Economic Development
India will ensure that resources are invested in both the basic needs of our most vulnerable residents and the tools that create a vibrant and sustainable local economy. She will focus on cooperatively-owned businesses, green jobs, and democratic control of land instead of trickle-down policies and subsidies that have increased income inequality.
- Short-Term Policy Goals (First 100 Days):
- Commit to full Minority/Women-Owned Business Enterprise (MWBE) compliance for city-funded projects.
- Prioritize small and minority-owned local businesses through the RFP process to increase successful bids for small, local contractors.
- Near-Term Policy Goals (6 Months to 1 Year):
- Add new procurement criteria and set measurable benchmarks to grant more contracts to locally-owned, independent businesses, minority, and women-owned businesses, and to buy more environmentally sustainable goods and services.
- Make appointments based on expertise, diversity, and inclusion, rather than political patronage.
- Long-Term Policy Goals (1 to 4 Years):
- Work to establish a public bank. India will advocate for this at the state level, and ensure it is a priority to invest our city dollars in a public bank that invests in our community— not in fossil fuels or carceral institutions to make profits.
- Establish a comprehensive and transparent participatory budgeting process.
Education
India will be a strong and involved partner with the Board of Education and Buffalo Public Schools. As mayor, she will work to build a coalition of education advocates with representatives from the Board of Education, Buffalo Teachers Federation, the Common Council, and the greater Buffalo community to stress the importance of education in our city. True progressive leadership takes a stand on important issues, and Buffalo deserves clear, concise, and timely information from the mayor’s office in regards to educational issues and our children’s health and well-being.
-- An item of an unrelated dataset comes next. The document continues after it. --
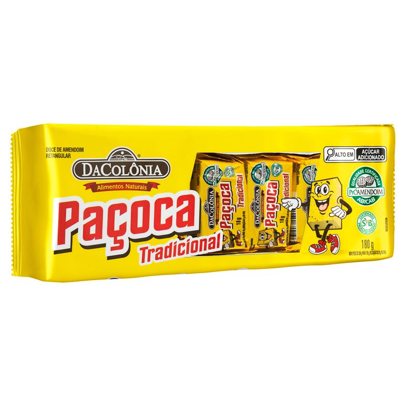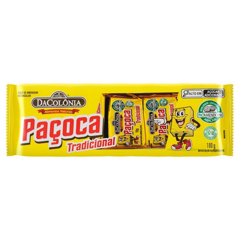 A embalagem de 180g é ideal para levar na bolsa ou na mochila, tornando-se uma opção prática para quem está sempre em movimento. Com a Paçoca Dacolonia, você pode ter um pedacinho do Brasil ao seu alcance, a qualquer hora e em qualquer lugar.

- Short-Term Policy Goals (First 100 Days):
- Appoint a staff person to attend BoE meetings and maintain an open line of communication with Board members, administrators, and staff.
- Support the whole-child, whole-school, whole-community agenda of trauma-informed and culturally and linguistically responsive teaching.
- Advocate for locally sourced and culturally appropriate meal options for all students.
- Near-Term Policy Goals (6 Months to 1 Year):
- Create a dedicated budget line for BPS separate and apart from the general fund.
- Long-Term Policy Goals (1 to 4 Years):
- Partner with local companies, nonprofits, colleges and universities, and city departments to create paid internships for students. Paid employment opportunities promote college and career readiness, improve family health and safety, and help students build confidence alongside their résumés.
Food Access
India will support community-based initiatives to increase access to fresh and healthy food, including neighborhood-owned grocery stores, community gardens, and open-air markets.
- Short-Term Policy Goals (First 100 Days):
- Work with the Common Council to amend food-store licensing requirements to include fresh produce.
- Pre-identify lots appropriate for community gardens, and ensure access to water.
- Prohibit discrimination of breastfeeding mothers in the workplace and in public places where a mother and child would otherwise be present.
- Near-Term Policy Goals (6 Months to 1 Year):
- Support community-based initiatives to increase access to fresh and healthy food, including neighborhood-owned grocery stores, community gardens, and farmers’ markets.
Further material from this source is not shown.